I'm using target_snowflake and had some questions ...
# singer-targets
d
I'm using target_snowflake and had some questions around batching. The config documentation here seems to suggest that it's disabled by default, with no default value for
batch_size_rows
and
true
for
clean_up_batch_files
. However, I'm seeing this in the logs still:
Copy code
target-snowflake     | Target sink for 'hist-SecurityReference' is full. Current size is '10000'. Draining... cmd_type=elb consumer=True job_name=default:tap-mssql-analytics-to-target-snowflake:hist-SecurityReference name=target-snowflake producer=False run_id=826fdf57-7c14-4765-8fa9-02207cabd6ef stdio=stderr string_id=target-snowflake
In addition, I'm seeing a bunch of .json.gz files showing up in my directory (see screenshot). That seems contrary to the documentation. If I manually set
batch_size_rows
, I do see that the size is adjusted to the new value. However, even with
clean_up_batch_files
explicitly set to
true
, the files are not getting cleaned up. I'm also a bit concerned about batch messages, which I'm not sure if it's being used here or not. It sounds like it is, though, because it is creating those intermediate .json.gz files on my local filesystem, which I presume are batch files. Why I'm confused, though, is because the bottom of the page notes some known limitations of batch, which says that it doesn't incremental or stream maps. The incremental issue seems to have people commenting that it was already fixed in target-snowflake, so maybe that's why it seems to be working for me? I will need to test in more detail. However, the issue for the stream maps is still open, yet it seems like my stream map to rename a column does seem to work. Was it perhaps fixed specifically in target-snowflake again?

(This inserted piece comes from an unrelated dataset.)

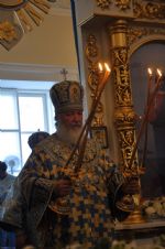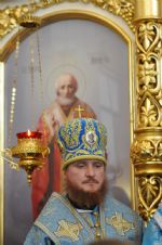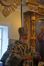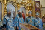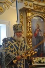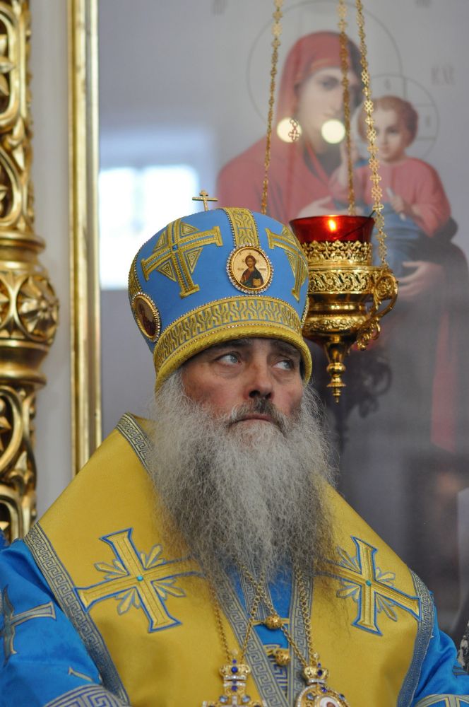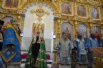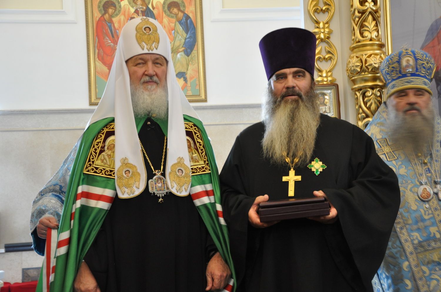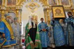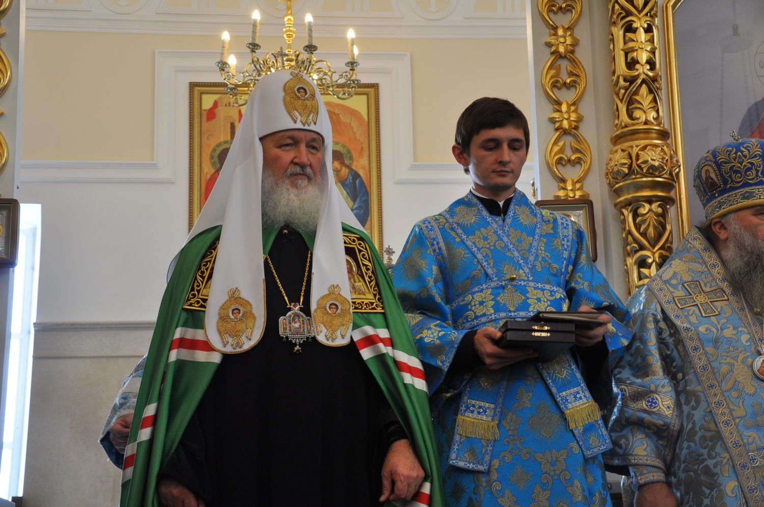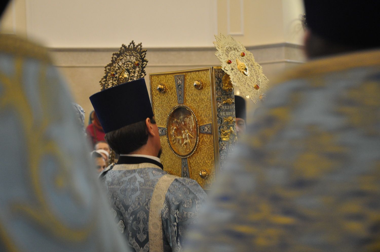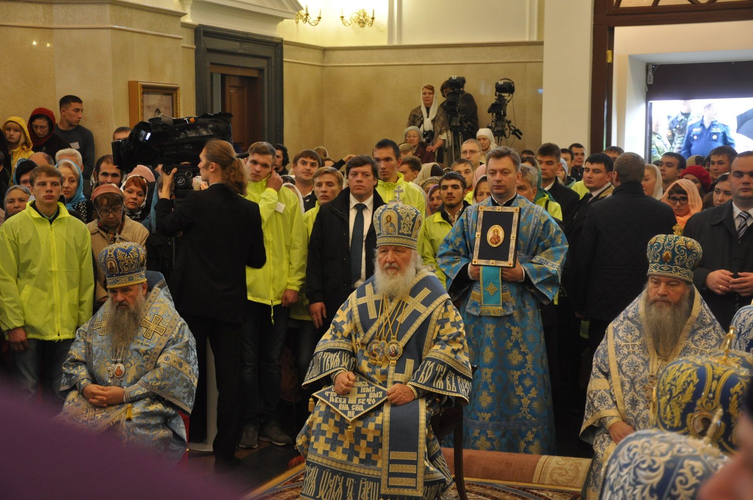 По завершении Литургии Святейшего Патриарха Кирилла приветствовал митрополит Барнаульский и Алтайский Сергий. В дар Его Святейшеству правящий архиерей преподнес список с главной святыни Алтая – чудотворной Коробейниковской-Казанской иконы Божией Матери.
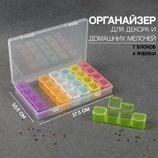 Органайзер для хранения мелочей, 28 ячеек, 17.5x10.5x2.5 см, разноцветный интересное:

Is there also a max batch size of 10000? I tried setting the size to 50000 and it still ended up creating 5 batch files for 45k records, though the draining log message didn't show anymore.
b
I am not sure about the
clean_up_batch_files
but I have seen others post that they needed to set both
batch_size_rows
and
batch_size
to the same number when using meltanolabs target-snowflake. Here is an example I pulled from a post.
Copy code
batch_size_rows: 1000000
      batch_config:
        batch_size: 1000000
d
So that does address the batch size, but it did uncover something new. By introducing batch_config, it also expects encoding and storage. Out of curiosity, I tried setting the encoding format to parquet, which the batch page says is supported. However, the batch files generated are still in json format. With a specific path set, clean_up_batch_files still isn't working either.
Copy code
config:
        batch_size_rows: 50000
        batch_config:
          encoding:
            format: parquet
          storage:
            root: file://.meltano/batch-staging
          batch_size: 50000
        clean_up_batch_files: true